Islande : Nouvelle éruption volcanique près de la capitale Reykjavik

Nouvelle éruption volcanique en Islande. La dernière a commencé mercredi près de Reykjavik​, dans une fissure qui crachait une lave fumante à proximité du site du Mont Fagradalsfjall, où un volcan était déjà entré en éruption en 2021. L’éruption, située à environ 40 kilomètres de la capitale, laisse apparaître des jets de lave en fusion se transformant en roche sombre à mesure que la matière refroidit et laissant s’échapper une fumée bleutée.

L’Institut météorologique d’Islande, qui surveille l’activité sismique, a estimé la longueur de la fissure à environ 300 mètres. Ce dernier a précisé que l’éruption avait débuté dans la vallée de Meradalir, à moins d’un kilomètre de l’éruption de 2021. Des curieux se sont déplacés sur la zone de l’éruption, s’émerveillant à la vue de la lave en ébullition et au bruit du grondement lorsque le magma jaillit.

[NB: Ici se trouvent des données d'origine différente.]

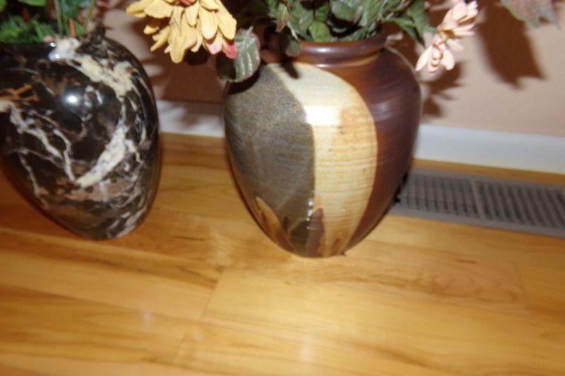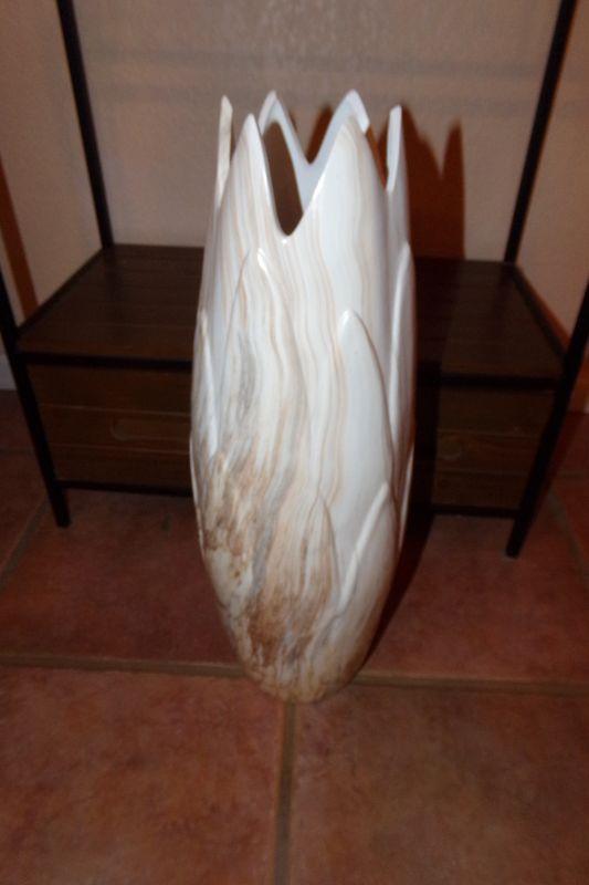 TALL CLAY VASE WITH JAGGED EDGE IS 20" TALL

Malgré l’absence de nuage de cendres, l’institut a estimé « possible que de la pollution soit détectée du fait des émanations de gaz ». Les gaz émanant des éruptions volcaniques, notamment le dioxyde de soufre, peuvent s’élever à proximité immédiate et présenter un danger pour la santé, voire être fatals. Ces types de pollution peuvent également être transportés par le vent.

10.000 secousses depuis samedi

Mardi soir, l’Institut météorologique avait annoncé que la probabilité d’une nouvelle éruption près du mont Fagradalsfjall « dans les prochains jours ou semaines » était considérée comme « substantielle ». Depuis samedi, près de 10.000 secousses avaient été détectées, dont deux d’une magnitude supérieure à 5. L’Autorité nationale des aéroports d’Islande a indiqué qu’aucun vol n’était affecté par le volcan pour le moment, ajoutant qu’elle suivait la situation « en conséquence ».

Plus d’une heure après le début de l’éruption, un vol commercial pouvait être aperçu volant à basse altitude au-dessus du site de l’éruption et en direction de Keflavik, le principal aéroport de Reykjavik.

Risque très faible pour les zones peuplées

« Le risque pour les zones peuplées et les infrastructures essentielles est considéré comme très faible et il n’y a eu aucune perturbation des vols », a indiqué sur Twitter le ministère des Affaires étrangères.

L’année dernière, l’Islande avait connu une éruption sur une zone relativement facile d’accès, faisant de l’événement une véritable attraction touristique. L’éruption, qui avait vu plus de 140 millions de mètres cubes de magma se déverser sur une période de six mois, avait attiré plus de 430.000 visiteurs selon l’Office du tourisme islandais. L’éruption avait été officiellement déclarée achevée au bout de neuf mois, en décembre 2021.